When I am tons smarter than your awesome detective heroine who is supposedly a) an expert in her job and b) skilled and experienced because of decades living between the human and the fae worlds, then it is time to introduce your book to the wall.
2) Stupid villains. Butcher has far too many people who want to torture his hero instead of just killing him. Sure, I could buy some of them being like that. But not all of them. Also, when they do decide to kill him, they always approach slowly. No.
3) Villain monologues. October Daye only "solves" her mysteries because the villains tell her every single detail at the end of the stories. Yes, coincidence and insane villains totally contribute to my taking your book seriously.
4) Stupid gender attitudes. Harry Dresden likes to brag about how hard and cold he is, but he goes berserk when a woman is harmed, can be seduced by female vampires who he knows are trying to control his mind, and notices the breasts of every single woman over puberty. He also knows this is a problem, but excuses it with "chivalry." After twelve books in which he's faced female as well as male villains at all sorts of levels, this becomes less a character trait and more of a meta "this is what I want to do, and doesn't it make the character awesome???" trait that would shame a teenage Mary Sue writer high on sugar. At least most teenage Mary Sue writers are not publishing twelve books full of their stuff.

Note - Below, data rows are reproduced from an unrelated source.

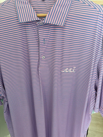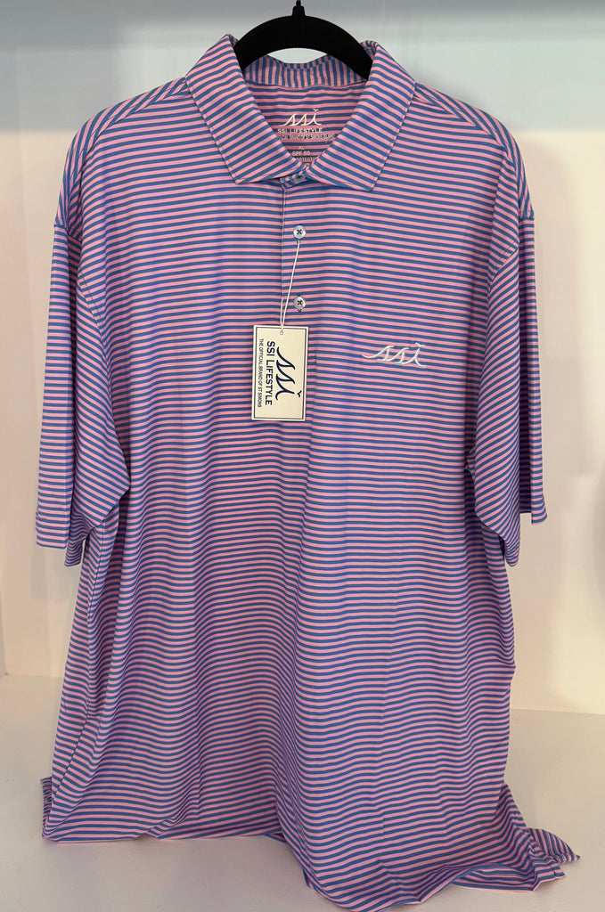 Kids Blue and Pink Stripe Stretch Performance Polo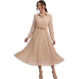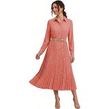 ❤Dressy Design: Formal half open shirt top with flowy pleated bottom skirt give you elegant silhouette, high elastic waist and trendy belt highlights your wavy contour, while collared button down placket and cuffed long sleeves make you look chic and smart
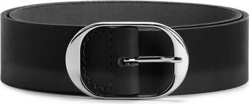 A classic 100% leather belt with an oval shaped solid brass buckle, designed for daily wear by men and women.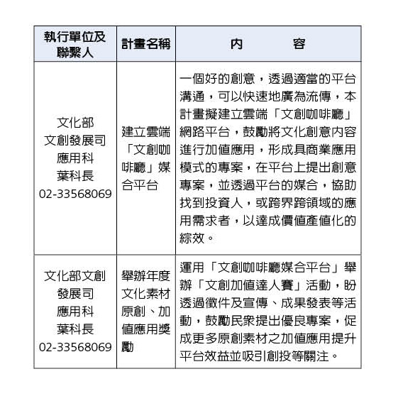 3. 建立云端「文创咖啡厅」媒合平台,鼓励价值产值化。建构一个媒合创意的平台,此平台让有创意却无创业模式也无资金者,可以利用此平台将创意提出,然后透过平台将创意转化为商业模式;或是有创意内容亦有商业模式的人,亦可以上云端「文创咖啡厅」找资金;以及有资金但苦无内容者,则可以上平台找内容。

By the way, according to October Daye, the best time to have sex is after you've just lost a ton of blood, and the best person to have it with is your sleazy ex who abused you in the past but who you still believe loves you anyway and has done weird things that ought to make you suspect him in the past few days. I can't imagine why her method isn't more popular.
5) Characters never having to pay for their mistakes. The mistake Seanan McGuire chooses to have her heroine brood on is a death, which does, in fact, happen as a direct result of the heroine's actions. Okay! But she broods on the death because she "failed to be a hero" for the dead girl, when the girl died because the heroine couldn't bring herself to stop or harm someone who had just confessed to murder and torture. Because, you see, she loves him. The heroine's complicity in the girl's death in this fashion is never mentioned.

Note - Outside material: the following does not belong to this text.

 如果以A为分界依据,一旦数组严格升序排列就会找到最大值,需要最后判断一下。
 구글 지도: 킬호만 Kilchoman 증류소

Same thing with Harry Dresden. Have a fallen angel in your head that could corrupt your soul and that got there because of your own carelessness? Well, see, what happens is that you worry endlessly about it, and then she turns out to be good after all because you had one pompous conversation with her about free will and she sacrifices herself for you. Burn your hand with a blast of uncontrolled fire? Don't worry, it turns out that it's going to grow back, based on a fortuitous discovery in the next novel! Be prepared to sacrifice yourself for your child? Well, you know, you don't have to, because you can force the mother of the child to sacrifice herself instead.

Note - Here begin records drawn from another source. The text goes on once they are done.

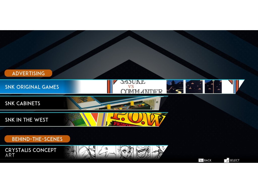 Kolekce herní klasiky na vlastní kůži! –Kamkoli vyrazíte, máte kousek dějin SNKna Nintendo Switch s sebou. Vyberte siz více než tuctu retro vypalovaček! Setkání nových technologií s retro – V kolekci nechybí pohodlí a inovace moderního hraní! Přetočte a uložte si hru kdykoli během hraní, vychutnejte si vylepšenou grafiku v 1080p rozlišení a užijte si přebudované ovládání hry pro moderní pocit!Vstup do muzea SNK – Bohatá historie SNKčeká v Módu Muzea. Seznamte se s odkazem jednoho z nejslavnějších japonských herních developerů s HD artworky a originálními propagačními materiály!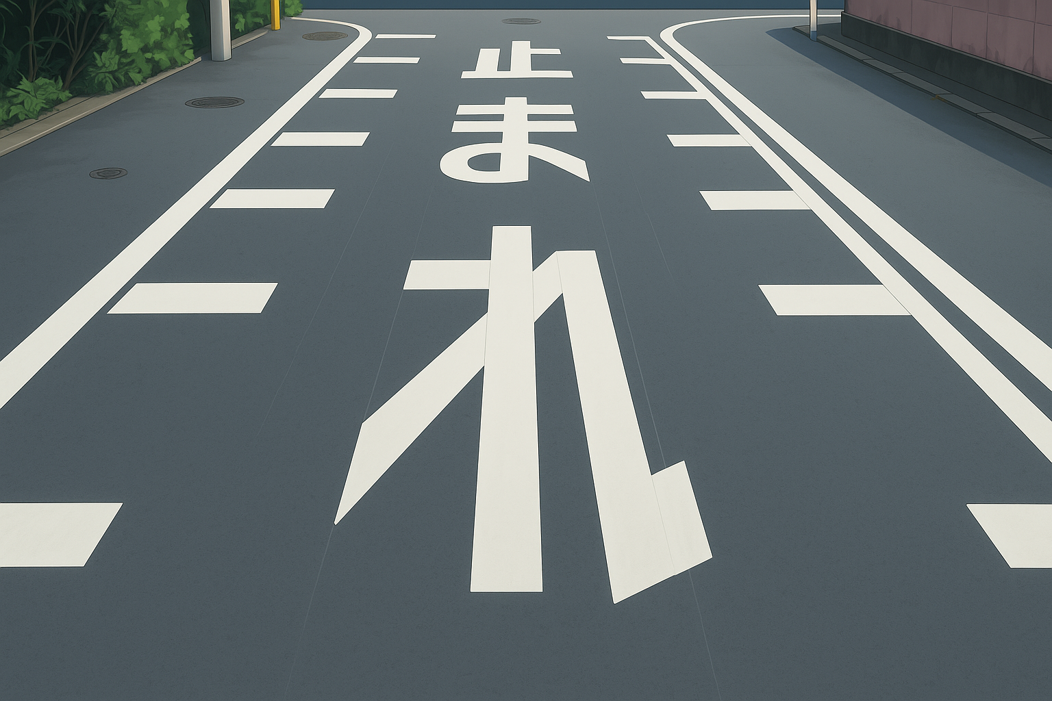 – 路面に書かれた白文字「止まれ」(法定外表示):義務なし(注意喚起のみ)。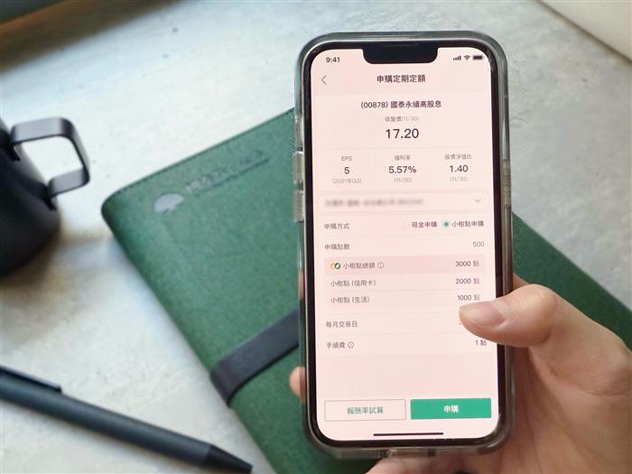 (圖)國泰證券與神坊資訊(小樹生活)攜手推出業界首創「生活變現、定期穩健」服務,讓客戶手中的點數可直接透過定期定額申購股票、ETF等投資商品。(圖/國泰證券提供,僅為畫面示意圖,不代表任何投資建議)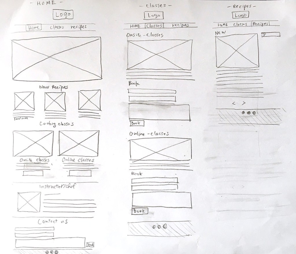 After speaking to the client further, I refined her business needs. She wanted to put more emphasis on her cooking classes, as that’s where she would make money. I changed the layout of the website by placing cooking classes information directly under the main banner image.

*For example, in the first 100 pages of From Hell With Love- the titles of this series parody James Bond novels, so The Man With the Golden Gun becomes The Man with the Golden Torc, etc.- there have been: the slaughter of two armies, the destruction of a supposedly invulnerable hotel, the destruction of a supposedly invulnerable dragon, villains with the names of Doctor Delirium and the Immortals, a conversation with a woman called the Waking Beauty who can never sleep because she traded her dreams to the elves for immortality, two violent murders, a riot, an argument that nearly resulted in people killing each other, a visit to a forest full of murderous beasts and talking squirrels, biker witches, a description of a house guarded by steampunk airships and winged unicorns, and weapons with names like the Gemini Replicator. Simon R. Green never met an idea he didn't like.